He attended Bar-Ilan University and graduated with a bachelor's degree in physics and computer science in 1983. In 1987, he received his Ph.D. from Bar-Ilan University. His thesis was Theory of Spin Glasses and its Applications to Complex Problems in Mathematics and Biology, under the supervision of Haim Sompolinsky.

He was a visiting research fellow at Princeton University from 1988 to 1989, working with Phil W. Anderson. He was also a visiting research fellow at AT&T Bell Labs, with Yann le Cun, then 1989 joined the physics department at Bar-Ilan University in 1989.

==Research==
Ido Kanter specializes in models of disorder magnetic systems, ultrafast physical random number generators, theory of neural networks, neural cryptography, deep learning and synchronization among neurons and lasers and experimental and theoretical neuroscience, documented in more than 220 publications.

==Main contributions==

Dendritic learning as an alternative to synaptic plasticity (with audio)

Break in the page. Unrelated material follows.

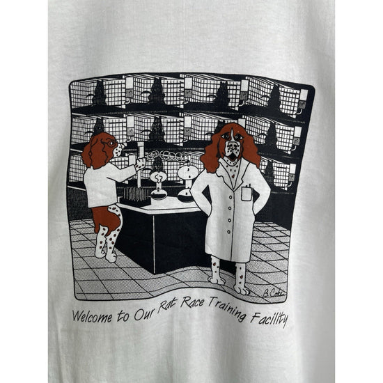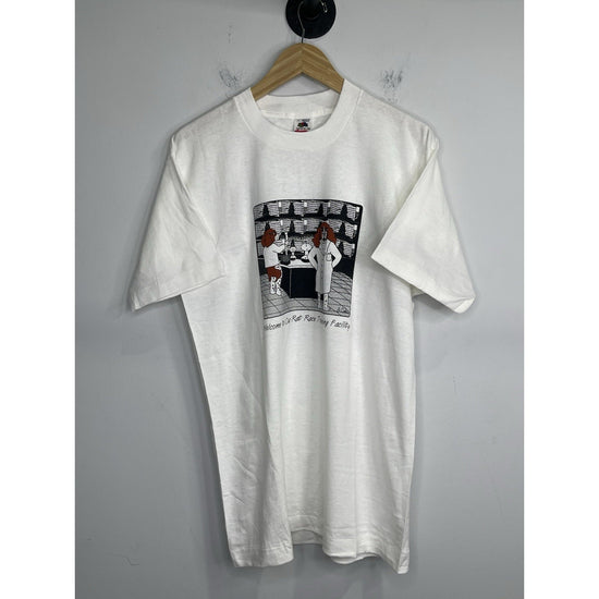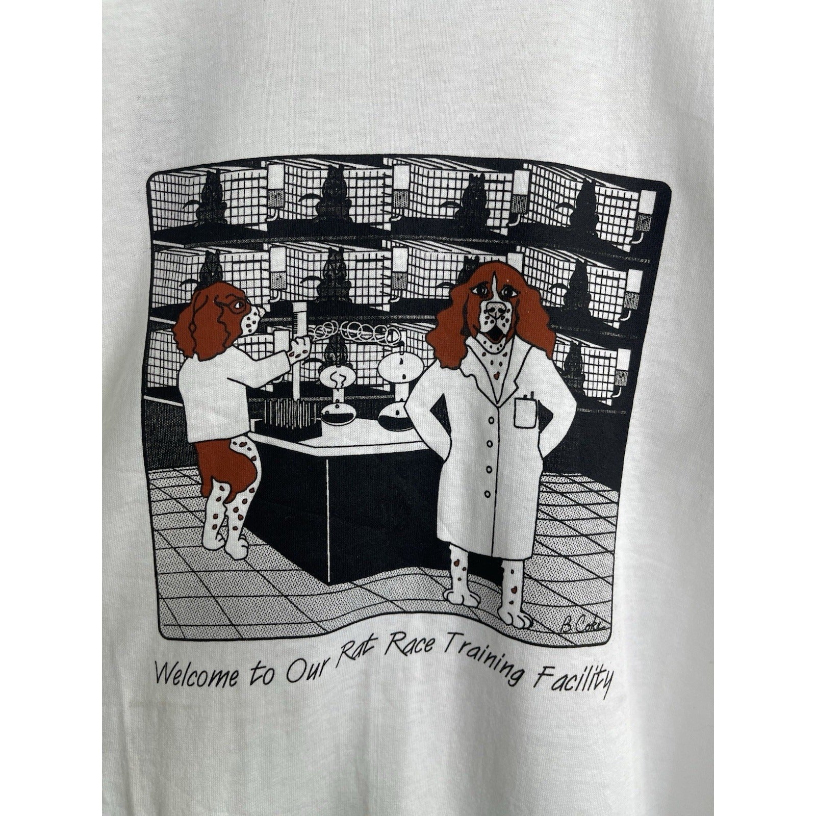 This Men’s White Graphic Design Discovery Rat Race Facility T-Shirt in size L is made from comfortable cotton material with a crew neck and short sleeves, perfect for all seasons. The shirt features a designer graphic print, making it a stylish addition to any man's wardrobe. With a regular fit and breathable properties, this T-shirt from Fruit of the Loom is easy to care for and suitable for everyday wear.

Using a combination of theoretical and experimental methods, Kanter has made contributions to various fields ranging from statistical physics and communication to neural cryptography and neuroscience. These include work on a field of statistical physics known as the inverse problem, bridging between Shannon theory and the second thermodynamic law, presenting a cryptographic key exchange protocol based on neural networks, and creating an ultrafast non-deterministic random bit generator (RBG).

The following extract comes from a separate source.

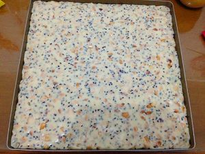 借助擀面杖或者刮刀压平,冷却好后就可切糖咯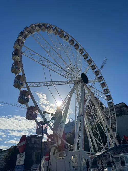 Située près du Palais de Justice, cette grande roue offre une vue panoramique sur la skyline de Bruxelles. Ses cabines spacieuses et fermées permettent d'admirer la ville toute l'année, tandis que son éclairage nocturne crée une scène digne d'une carte postale. À proximité, explorez le quartier chic de Louise ou rejoignez le centre-ville via l'ascenseur reliant la Place Poelaert au quartier animé des Marolles. Les billets coûtent généralement entre 8 et 10 €, avec des réductions pour les enfants. Planifiez votre visite par temps clair pour profiter des meilleurs panoramas et n'oubliez pas de capturer des photos exceptionnelles depuis l'un des points d'observation les plus élevés de Bruxelles.

Kanter is currently focusing on the field of experimental and theoretical neuroscience, Kanter studies a variety of topics including the new neuron, dendritic learning, neural interfaces, and machine learning.

==Selected publications==
- Gross, D. J. (1985). "Mean-field theory of the Potts glass"
- Sompolinsky, H. (1986). "Temporal Association in Asymmetric Neural Networks"
- Kanter, I. (1987). "Associative recall of memory without errors"
- Kanter, Ido (1988). "Potts-glass models of neural networks"
- Kanter, I (2002). "Secure exchange of information by synchronization of neural networks"
- Reidler, I. (2009). "Ultrahigh-Speed Random Number Generation Based on a Chaotic Semiconductor Laser"
- Kanter, Ido (2010). "An optical ultrafast random bit generator"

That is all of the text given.